Division of Pediatric Endocrinology, Cincinnati Children's Hospital Medical Center, University of Cincinnati College of Medicine, Cincinnati, OH 45229-3039, USA.
Department of Endocrinology, Alder Hey Children's NHS Foundation Trust, Liverpool L14 5AB, UK.
J Clin Endocrinol Metab. 2023 Sep 18;108(10):2653-2665. doi: 10.1210/clinem/dgad159.
Despite having normal growth hormone (GH) secretion, individuals with Turner syndrome (TS) have short stature. Treatment with recombinant human GH is recommended for TS girls with short stature.
This work aimed to evaluate the effectiveness and safety of Norditropin (somatropin, Novo Nordisk) with up to 10 years of follow-up in children with TS.
Secondary analysis was conducted of Norditropin data from 2 non-interventional studies: NordiNet® IOS (NCT00960128) and the ANSWER program (NCT01009905).
A total of 2377 girls with TS were included in the safety analysis set (SAS), with 1513 in the treatment-naive effectiveness analysis set (EAS). At the start of treatment, 1273 (84%) participants were prepubertal (EAS); mean (SD) age was 8.8 (3.9) years. Mean (SD) dose received at the start of GH treatment was 0.045 (0.011) mg/kg/day (EAS). Mean (SD) baseline insulin-like growth factor-1 (IGF-I) SD score (SDS) was -0.86 (1.52), and mean (SD) duration of GH treatment (SAS) was 3.8 (2.8) years.Height SDS (HSDS) increased throughout follow-up, with near-adult HSDS reached by 264 (17%) participants (mean [SD] -1.99 [0.94]; change from baseline +0.90 [0.85]). During the study, 695 (46%) participants (EAS) entered puberty at a mean (SD) age of 12.7 (1.9) years (whether puberty was spontaneous or induced was unknown). Within the SAS, mean IGF-I SDS (SD) at year 10 was 0.91 (1.69); change from baseline +1.48 (1.70). Serious adverse reactions were reported in 10 participants (epiphysiolysis [n = 3]).
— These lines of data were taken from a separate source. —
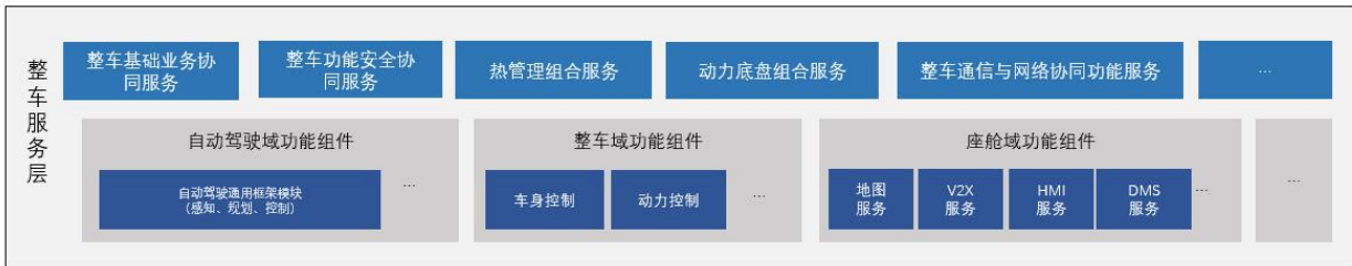
11 图 3 整车服务层结构

9 整车服务层是基于系统基础服务的实现，并对应用服务提供整车级通用服务的层级。整车服务层 10 通常需要跨越多个功能域，实现多个功能域的组合复用性。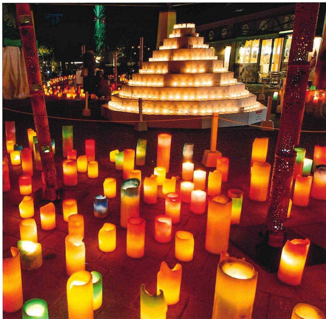
「河川環境楽園」(各務原市)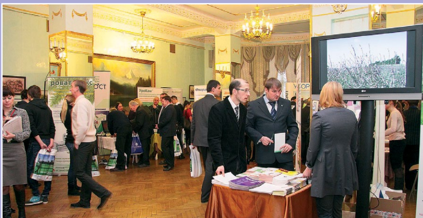
Выставочная экспозиция конференции «Рациональная фармакотерапия в урологии»

сти силодозина, отмечена низкая частота ортостатической гипотензии, отсутствие антагонистического взаимодействия с ингибиторами ФДЭ-5 (силденафилом, тадалафилом), редко отмечалась (3,9%) ретроградная эякуляция. Зафиксирована высокая безопасность препарата.

GH-treated participants with TS responded well, without new safety concerns. Our real-world data are in agreement with previous studies.
尽管特纳综合征(TS)患者的生长激素(GH)分泌正常,但他们仍存在身材矮小的问题。对于身材矮小的 TS 女孩,推荐使用重组人生长激素进行治疗。
本项工作旨在评估使用诺泽(生长激素,诺和诺德)治疗 TS 儿童长达 10 年的有效性和安全性。
对两项非干预性研究(NordiNet® IOS,NCT00960128;ANSWER 项目,NCT01009905)的诺泽数据进行二次分析。
安全性分析集(SAS)共纳入 2377 例 TS 女孩,治疗初效分析集(EAS)纳入 1513 例女孩。治疗开始时,1273 例(84%)参与者处于青春前期(EAS);平均(SD)年龄为 8.8(3.9)岁。开始 GH 治疗时,平均(SD)剂量为 0.045(0.011)mg/kg/天(EAS)。平均(SD)基线胰岛素样生长因子-1(IGF-1)标准差评分(SDS)为-0.86(1.52),平均(SD)GH 治疗持续时间(SAS)为 3.8(2.8)年。身高 SDS(HSDS)在随访期间持续增加,264 例(17%)参与者达到接近成人的 HSDS(平均[SD]-1.99[0.94];与基线相比增加 0.90[0.85])。研究期间,695 例(46%)参与者(EAS)在平均(SD)年龄为 12.7(1.9)岁时进入青春期(青春期是自发的还是诱导的尚不清楚)。在 SAS 中,第 10 年 IGF-1 SDS(SD)的平均值(SD)为 0.91(1.69);与基线相比增加 1.48(1.70)。10 例参与者报告了严重不良反应(骺板分离[n=3])。
接受 GH 治疗的 TS 患者反应良好,无新的安全性问题。我们的真实世界数据与之前的研究一致。